Kochi: The Forward Markets Commission, or FMC, the regulator for the commodities market, is considering raising the daily price fluctuation cap that currently places a 3% trading limit on rubber futures.
FMC chairman B.C. Khatua said officials of the National Multi Commodity Exchange of India Ltd, or NMCE, had sought a 1% increase in the cap because of active trading, which resumed early this month after being suspended in July.
The Rubber Board, the government trade promotion body, also favours such an increase.
Some 500 people are trading rubber every day on the exchange and the 3% cap has been a major hindrance to the trade, said Anil Mishra, chief operating officer of NMCE.
The cap earlier was 6% and reduced to 3% in June after rubber prices shot up to some Rs100 a kg and the Rubber Board had then demanded lowering the daily volatility cap.
But with prices now at around Rs65 a kg, down from a high of Rs140 in September and a low of Rs60 earlier in December, the cap should be raised, said Mishra.

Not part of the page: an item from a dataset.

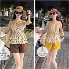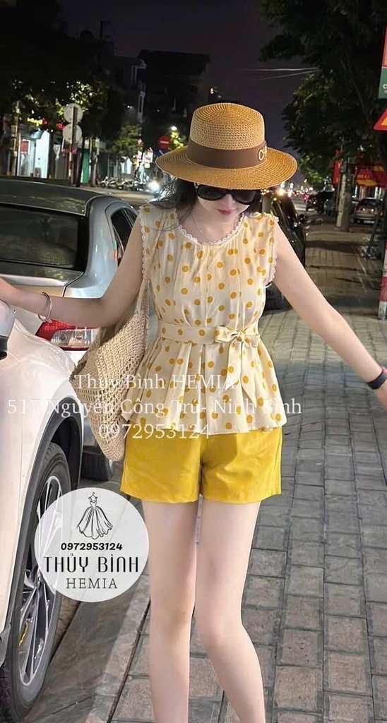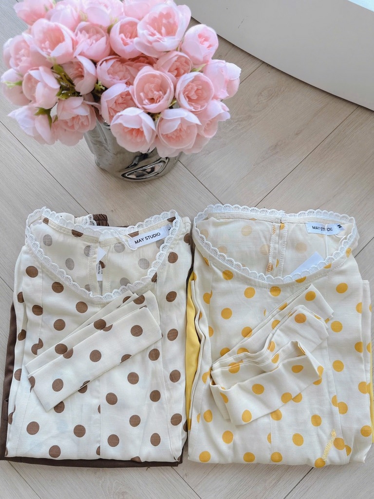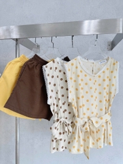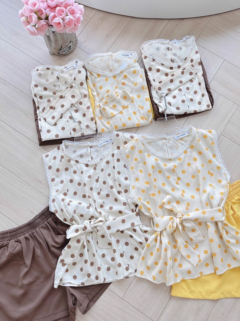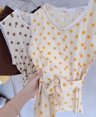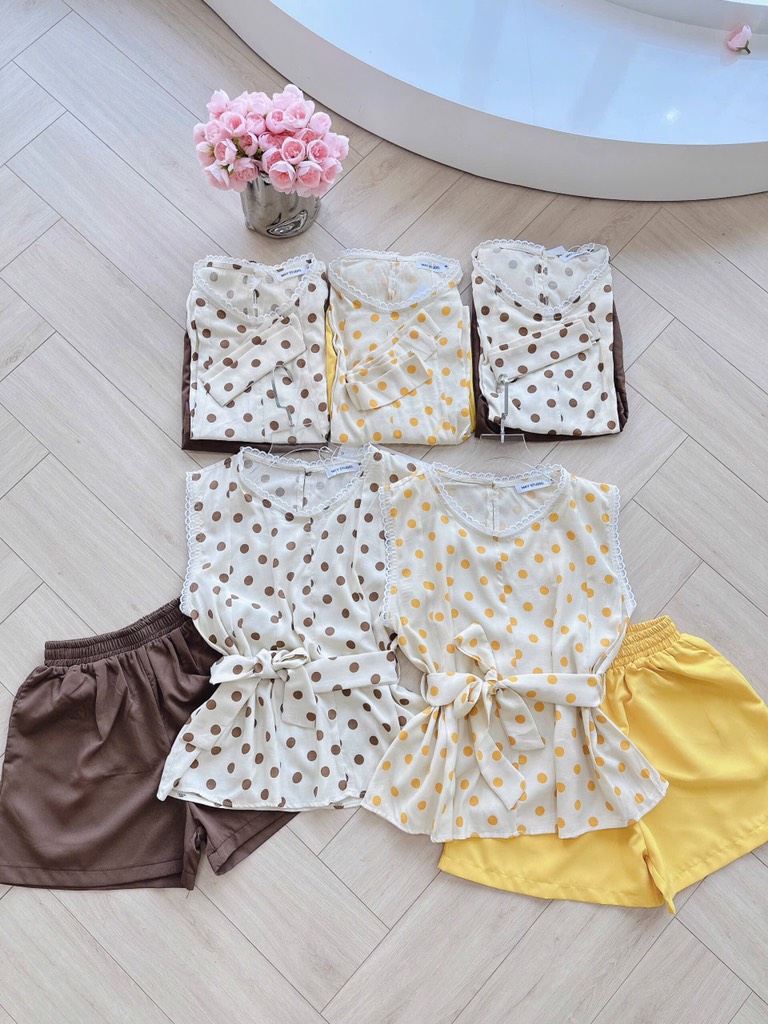 🌿SET ÁO CHẤM BI PHỐI REN KÈM ĐAI THẮT ĐIỆU ĐÀ 🌿

An increase or decrease by 3% in price compared with the previous day’s closing stalls trading. For instance, at Rs100 a kg, a 3% cap is triggered after a price change of Rs3.
However, at Rs60 a kg, the 3% would mean a shift of just Rs1.80 a kg. This would see the trade hit the upper circuit of the cap in a few hours after the start of the trade.
Sajen Peter, chairman of the Rubber Board, said that while he wasn’t averse to the hike, the cap should be reduced when prices rise substantially as they did earlier this year.